In each case the presenting symptoms were nonspecific—principally fever, lethargy, and myalgia. Equally, physical examination did not reveal any specific features—mild enlargement of the liver and spleen, cough, and wheeze, nine patients having no abnormal physical findings. The severity of the symptoms varied considerably. Ten of these patients were severely incapacitated, while six had minimal symptoms. Many, if not all, might well have been diagnosed as having a viral infection once malaria had been excluded. Acute schistosomiasis, like viral illness, is a self limiting condition even if untreated, and follow up of patients diagnosed as having a viral illness of unknown cause is unusual. Many patients with established schistosomiasis are asymptomatic; the typical symptoms of diarrhoea, abdominal pain, or rectal bleeding (S mansoni or S japonicum) or terminal haematuria (S haematobium) may be absent or develop very slowly.1 However, without treatment, patients may develop chronic infection leading to portal hypertension with S mansoni or transitional cell carcinoma of the bladder with S haematobium.1 We have seen one patient who presented to this hospital with viable ova of S haematobium in the urine 33 years after his last exposure to infected water.5

Few patients with schistosomiasis develop symptoms suggestive of acute disease, and, as in this series, the diagnosis can be confirmed only retrospectively.
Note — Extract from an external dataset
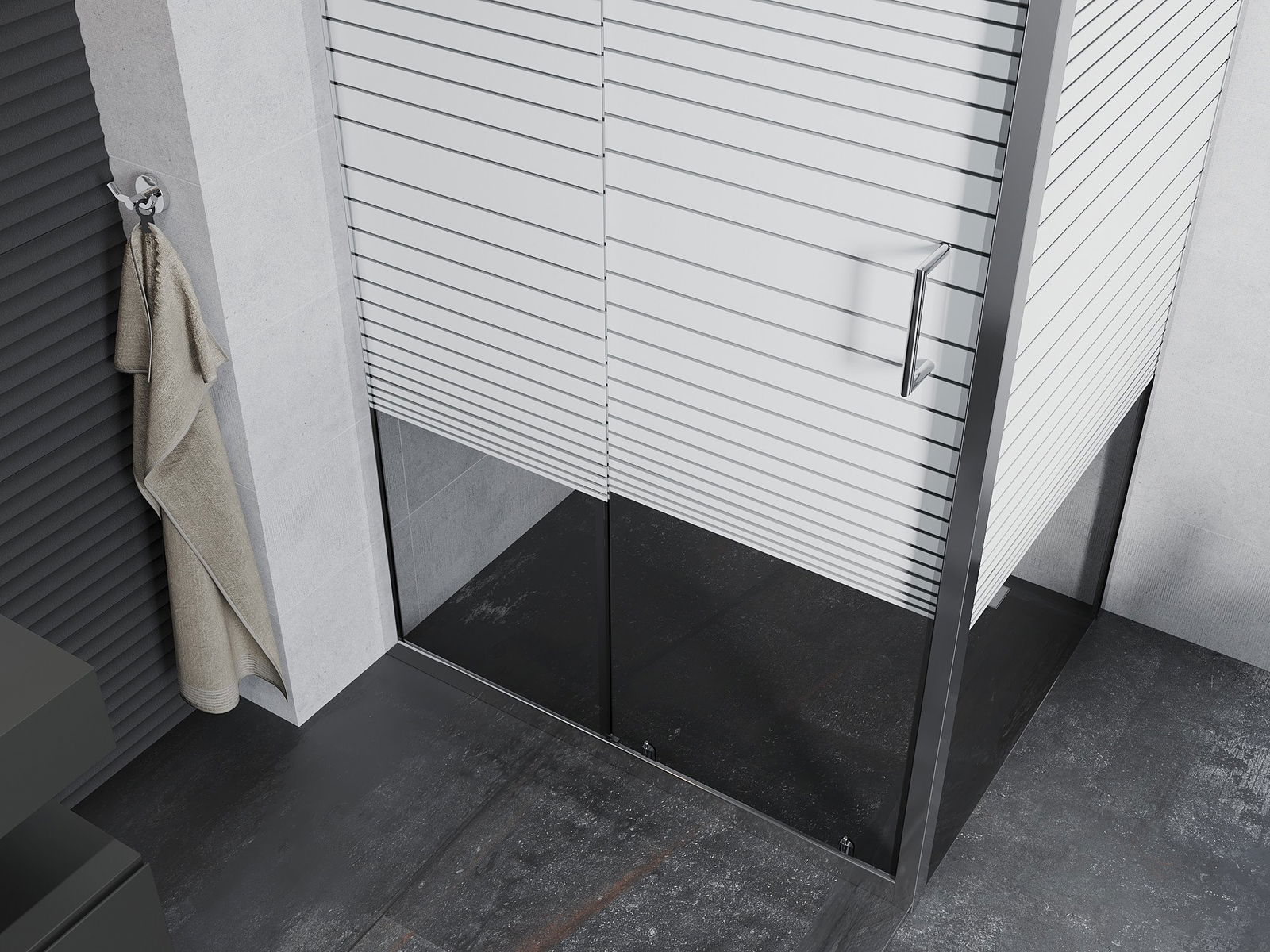 Praktická a pohodlná rukoväť bola vyrobená z odolného a odolného kovu. Módny tvar v kombinácii s povrchom prispôsobeným farbe profilov dodáva celku moderný a štýlový vzhľad, zdôrazňujúc estetiku každej kúpeľne.

We emphasise the importance of taking a clear travel history, particularly with regard to exposure to potentially infected water, and of appropriate referral of anyone suspected of having the disease. Praziquantel is the preferred treatment for patients with schistosomiasis, but it is not widely available. It is highly effective against adult schistosomes but less effective against the immature schistosomula; repeat courses may therefore be necessary. It may exacerbate the clinical condition in acute schistosomiasis, and concurrent administration of prednisolone has been advocated to reduce the risk of reactions.6 Prednisolone, however, may reduce the efficacy of praziquantel by reducing the serum concentration of the drug.7

We suggest that all patients with acute schistosomiasis should initially be treated with a three day course of praziquantel 20 mg/kg body weight, given twice daily under steroid cover (prednisolone 20 mg/day for three days). A second three day course of praziquantel should be given three to six months later to eradicate any schistosomes that may have survived the first course of treatment.

We thank our consultant colleagues for permission to report on their patients, the staff of the department of parasitology, Hospital for Tropical Diseases, for their help, and Robin Bailey for helpful comments.